Anyone here bought/used Bart Bellon's flex pole? feedback? based on feedback, what do you compare it to as well if anything?

gracias!


----------



## Tommy O'Hanlon (Feb 21, 2008)

Very good bit of kit, we've had a lot of dogs of all sizes on it and it's been very good


----------



## Guest (Dec 1, 2008)

Tommy O'Hanlon said:


> Very good bit of kit, we've had a lot of dogs of all sizes on it and it's been very good


no breaks, slips out of ground? re-adjusting? How tall is pole and how deep in ground?

can it be easily taken out of ground and moved to new position quickly?


----------



## will fernandez (May 17, 2006)

Used it on my dog at one of his seminars...works great and very easy to use...would love to buy one.


----------



## Brian Anderson (Dec 2, 2010)

Someone mind explaining the pole and its usage?


----------



## will fernandez (May 17, 2006)

Flexible pole staked into the ground with a wire. Rotates and flexes great for training by yourself from the puppy to the adult dog.


----------



## Joby Becker (Dec 13, 2009)

Brian Anderson said:


> Someone mind explaining the pole and its usage?

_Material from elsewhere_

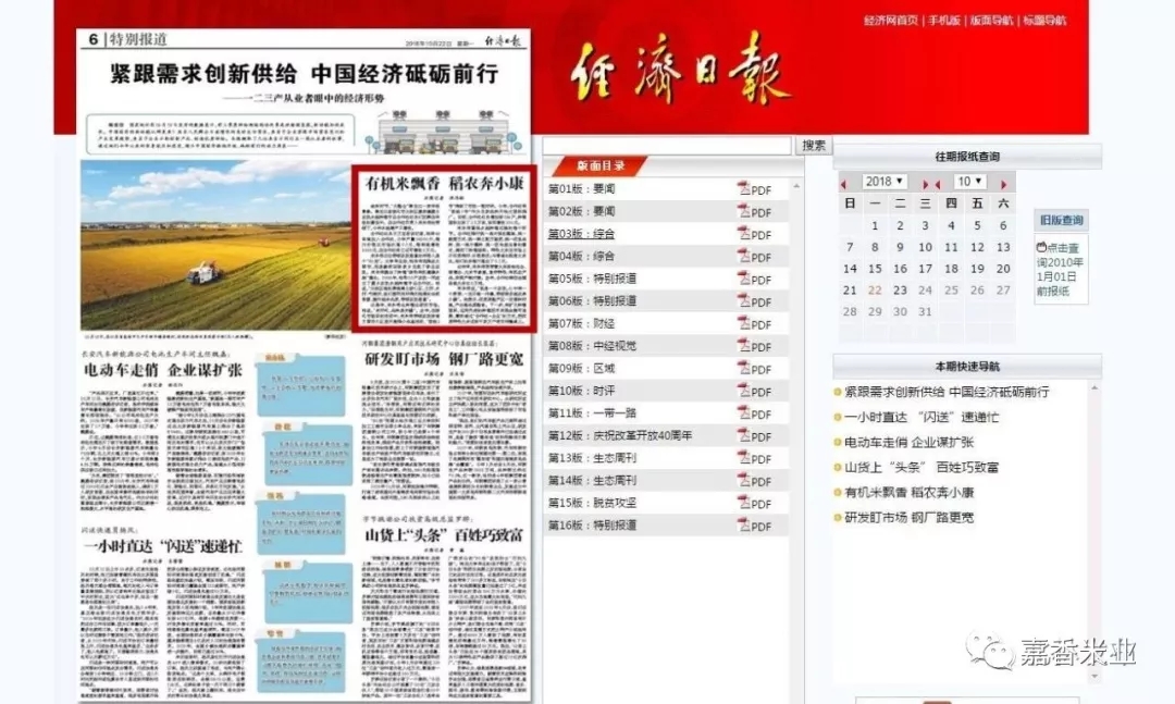 10月22日,經(jīng)濟(jì)日報(bào)特別報(bào)道刊發(fā)了《有機(jī)稻米飄香 稻農(nóng)奔小康》一文。

http://www.youtube.com/watch?v=kctgWNTWft0


----------



## Guest (Dec 1, 2008)

http://www.workingdogforum.com/vBulletin/f30/training-pole-martine-18197/index3.html

Here is the other thread reference it, has anyone built one the way described here? I have and broke two times, there has got to be some secret or something I am missing......anybody with close-up pics?


----------